My lab's research is focused on understanding the inflammatory mechanisms underlying breast cancer and translating these basic observations to human clinical studies. Our research efforts have focused on the inflammatory role of the Receptor for Advanced Glycation End-products (RAGE) and its ligands (AGEs, s100s and HMGB1) in diabetes and cancer.
Most recently, my laboratory has made important observations on the role RAGE and its ligands in the pathogenesis of breast cancer progression and metastasis. We have also found that blocking RAGE signaling using a novel therapeutic, inhibits metastasis in murine models (revision submitted to Oncogene). This work has also won a number of recent awards for graduate students in my lab including the Department of Medicine Research Day and the Annual Zubrod Cancer Research Poster competitions. Currently were are funded by a number of awards including a Susan G. Komen Career Development award.


Our current goals are to:
1. Determine the specific cell types in the tumor microenvironment by which RAGE / RAGE-ligands influence cancer progression and metastasis, and determine the critical RAGE ligands involved.

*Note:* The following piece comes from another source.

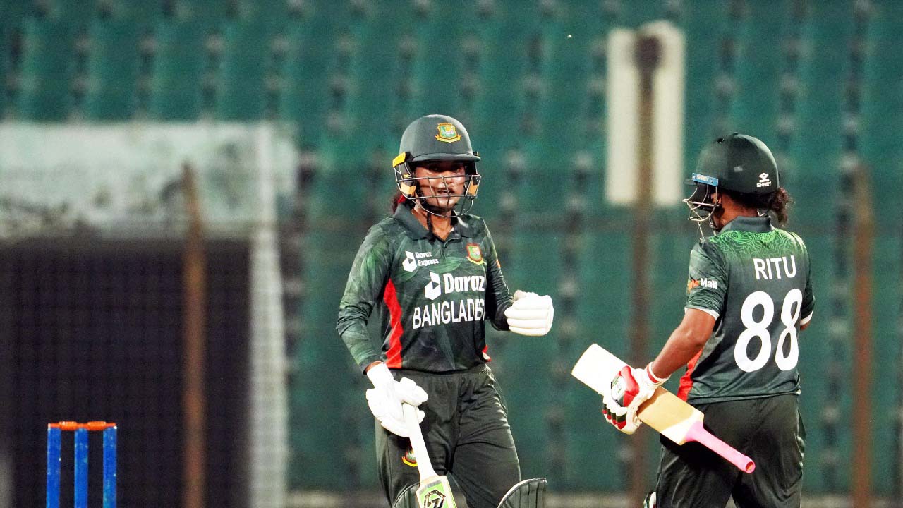 স্বর্ণা-রিতুর জুটি ভাঙে ৩৮ রানে। রিতু ১৯ রান করে ফিরে যান। তবে ইনিংসের শেষ বল পর্যন্ত ব্যক্তিগত ২৭ রানে অপরাজিত থেকে মাঠ ছাড়েন স্বর্ণা। নির্ধারিত ওভার শেষে ৬ উইকেট হারানো বাংলাদেশের সংগ্রহ দাঁড়ায় ১২০ রান।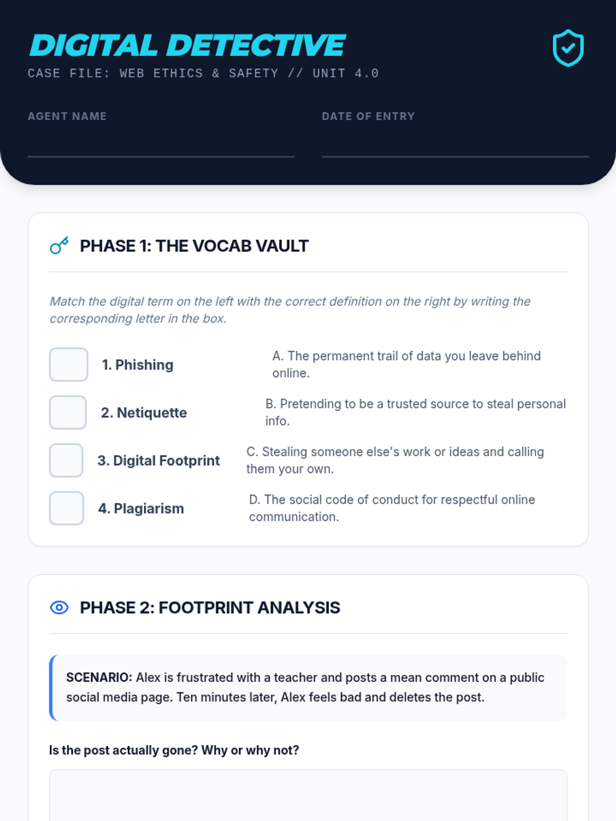 A comprehensive lesson on digital citizenship, focusing on web ethics, personal safety, and responsible online behavior for middle school students.

2. Develop further RAGE therapeutics for clinical use in breast and other cancers.
3. Determine whether obesity and diabetes drive the increased risk of cancer progression and metastasis through RAGE signaling.


To address these research questions, our lab uses cell and animal models, genetic approaches and drug inhibitors, and human clinical samples. We are highly collaborative with other groups at UM and other US institutes including Marc Lippman's breast cancer research group. Our future goals are to understand how inflammation is critical for breast cancer metastasis and further explore therapeutic strategies to direct against RAGE in breast and other cancers.